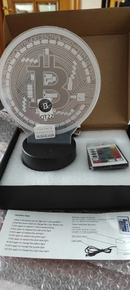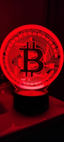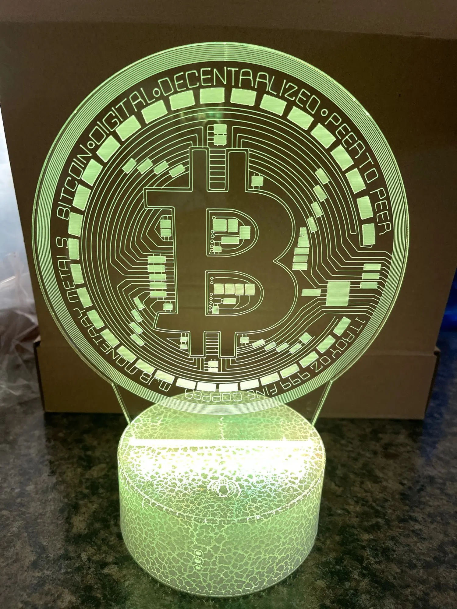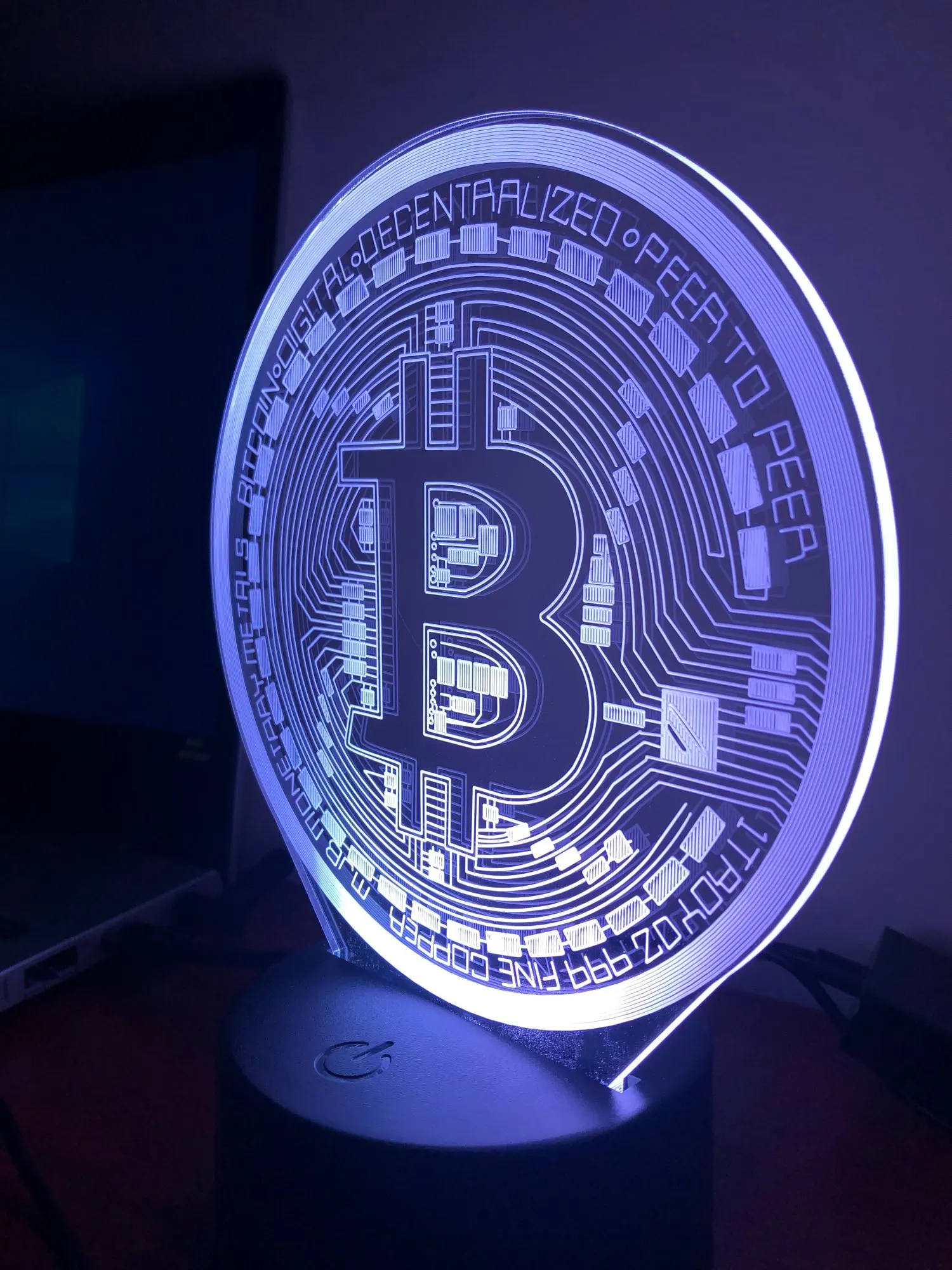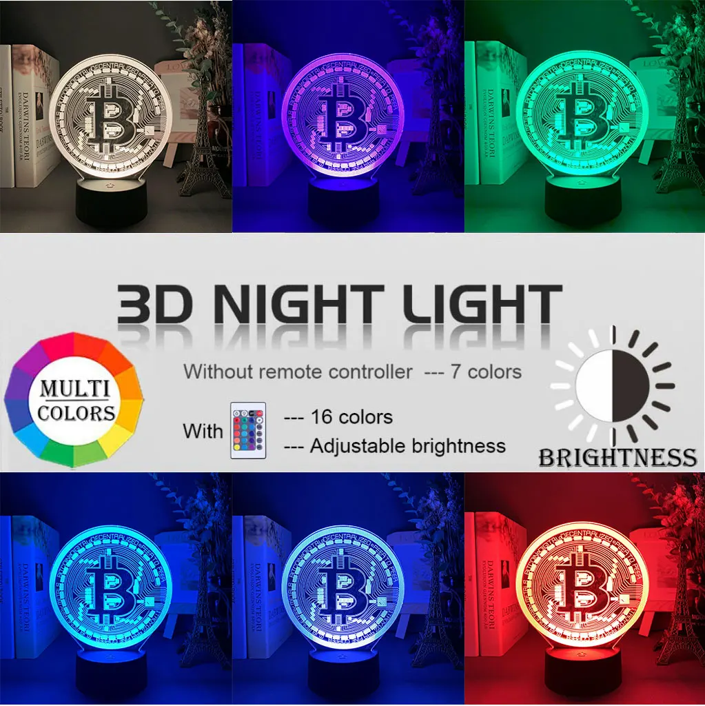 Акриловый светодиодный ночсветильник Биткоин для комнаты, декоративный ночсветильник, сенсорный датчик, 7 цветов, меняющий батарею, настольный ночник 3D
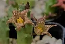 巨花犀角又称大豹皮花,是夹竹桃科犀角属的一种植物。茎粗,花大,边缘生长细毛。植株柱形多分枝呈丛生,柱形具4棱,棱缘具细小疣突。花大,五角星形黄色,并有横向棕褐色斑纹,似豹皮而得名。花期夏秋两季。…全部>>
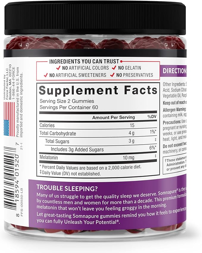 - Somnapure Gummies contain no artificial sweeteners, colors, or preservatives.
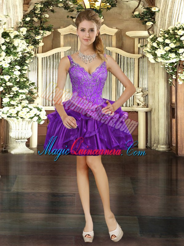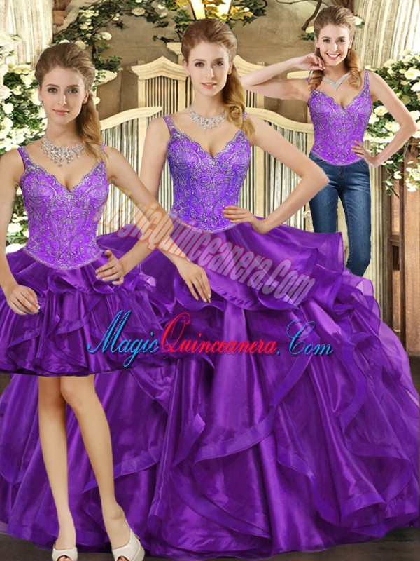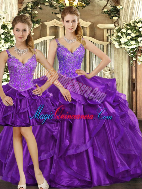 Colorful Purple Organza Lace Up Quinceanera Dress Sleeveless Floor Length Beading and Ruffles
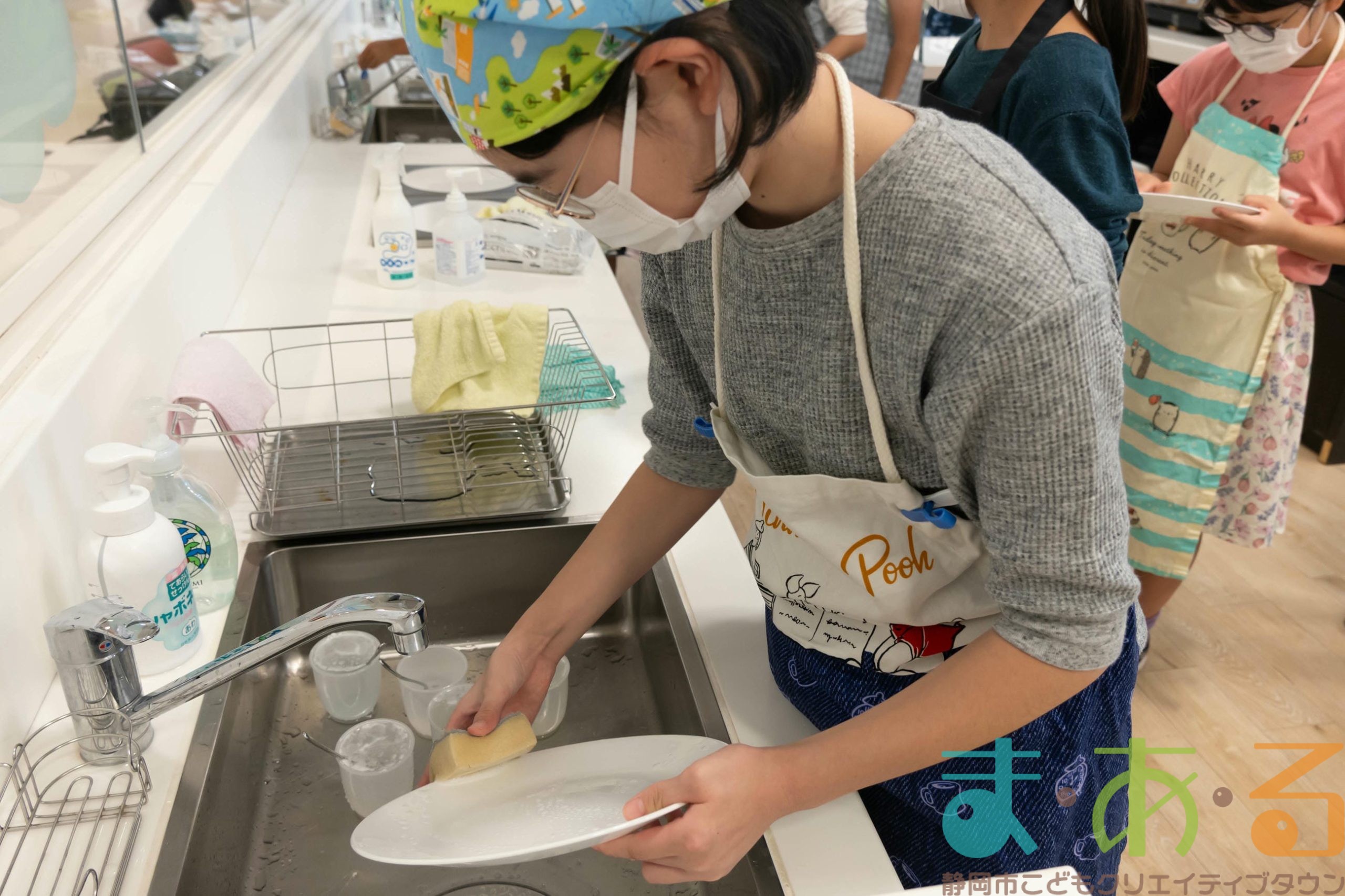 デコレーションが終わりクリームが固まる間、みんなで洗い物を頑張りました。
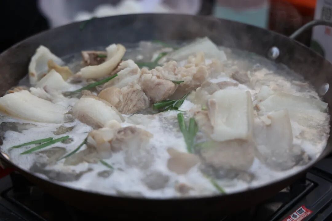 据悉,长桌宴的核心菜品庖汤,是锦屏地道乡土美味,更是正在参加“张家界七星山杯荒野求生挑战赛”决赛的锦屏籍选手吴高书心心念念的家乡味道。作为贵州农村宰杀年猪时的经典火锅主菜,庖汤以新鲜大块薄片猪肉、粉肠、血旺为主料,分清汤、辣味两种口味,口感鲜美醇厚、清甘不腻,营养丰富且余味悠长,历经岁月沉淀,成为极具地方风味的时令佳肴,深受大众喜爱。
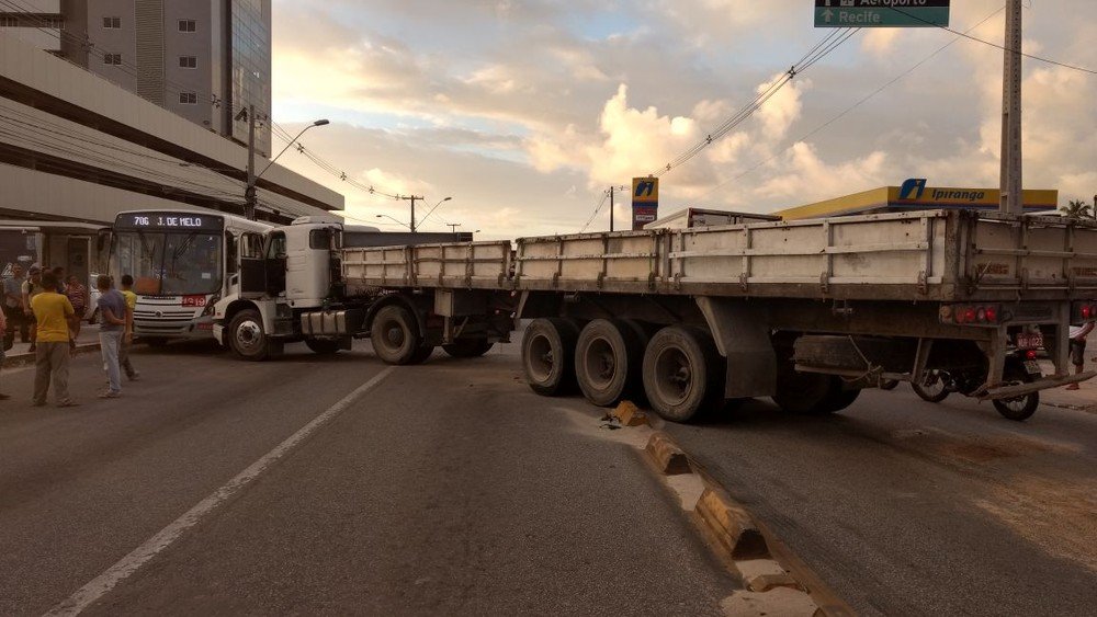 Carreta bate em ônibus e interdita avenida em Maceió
:::::
• [Brief] What is needed here is an exact transcript of the data above, pictures excluded.

• [Answer for the task]
 Акриловый светодиодный ночсветильник Биткоин для комнаты, декоративный ночсветильник, сенсорный датчик, 7 цветов, меняющий батарею, настольный ночник 3D
 巨花犀角又称大豹皮花,是夹竹桃科犀角属的一种植物。茎粗,花大,边缘生长细毛。植株柱形多分枝呈丛生,柱形具4棱,棱缘具细小疣突。花大,五角星形黄色,并有横向棕褐色斑纹,似豹皮而得名。花期夏秋两季。…全部>>
 - Somnapure Gummies contain no artificial sweeteners, colors, or preservatives.
 Colorful Purple Organza Lace Up Quinceanera Dress Sleeveless Floor Length Beading and Ruffles
 デコレーションが終わりクリームが固まる間、みんなで洗い物を頑張りました。
 据悉,长桌宴的核心菜品庖汤,是锦屏地道乡土美味,更是正在参加“张家界七星山杯荒野求生挑战赛”决赛的锦屏籍选手吴高书心心念念的家乡味道。作为贵州农村宰杀年猪时的经典火锅主菜,庖汤以新鲜大块薄片猪肉、粉肠、血旺为主料,分清汤、辣味两种口味,口感鲜美醇厚、清甘不腻,营养丰富且余味悠长,历经岁月沉淀,成为极具地方风味的时令佳肴,深受大众喜爱。
 Carreta bate em ônibus e interdita avenida em Maceió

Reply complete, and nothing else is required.